> Assignment: Would you repeat the listing below exactly, with no pictures in it?

---------- Input data

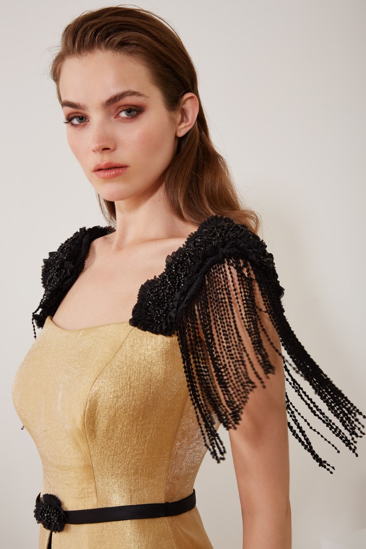 Corpetto col. oro con applicazioni in nero sulle spalle e frange, con spaccetto avanti e retro.
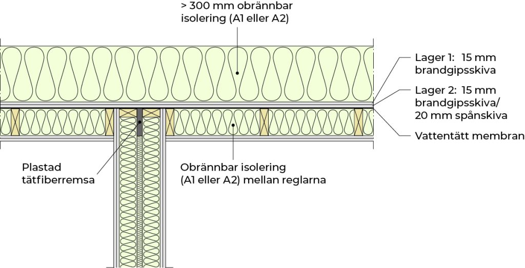Några utvalda fokusområden i branschreglerna är vindar, dolda utrymmen och genomföringar. I dessa konstruktioner är det särskilt viktigt med robusta lösningar för att motverka brandspridning och begränsa skador orsakade av brand. Vid vissa förhållanden finns risk för att vindsbränder sprids nedåt i byggnaden i spalter, samtidigt som släckvatten över tid riskerar att tränga ner i underliggande konstruktion. För att ge ett bättre skydd mot skador ska bjälklaget begränsa spridning av både brand och släckvatten (se figur 1).
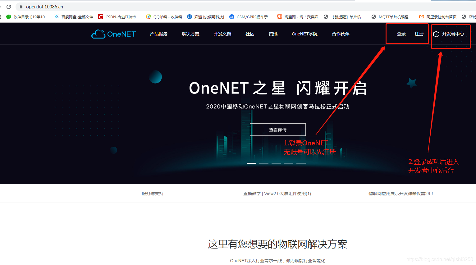 1.打開Onenet官網:https://open.iot.10086.cn/
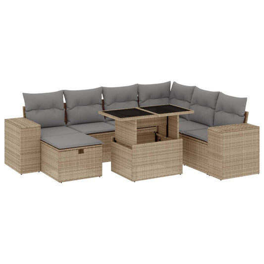 vidaXL 8-tlg. Garten-Sofagarnitur mit Kissen Beige Poly Rattan

--------------------

> Solved problem:
 Corpetto col. oro con applicazioni in nero sulle spalle e frange, con spaccetto avanti e retro.
Några utvalda fokusområden i branschreglerna är vindar, dolda utrymmen och genomföringar. I dessa konstruktioner är det särskilt viktigt med robusta lösningar för att motverka brandspridning och begränsa skador orsakade av brand. Vid vissa förhållanden finns risk för att vindsbränder sprids nedåt i byggnaden i spalter, samtidigt som släckvatten över tid riskerar att tränga ner i underliggande konstruktion. För att ge ett bättre skydd mot skador ska bjälklaget begränsa spridning av både brand och släckvatten (se figur 1).
 1.打開Onenet官網:https://open.iot.10086.cn/
 vidaXL 8-tlg. Garten-Sofagarnitur mit Kissen Beige Poly Rattan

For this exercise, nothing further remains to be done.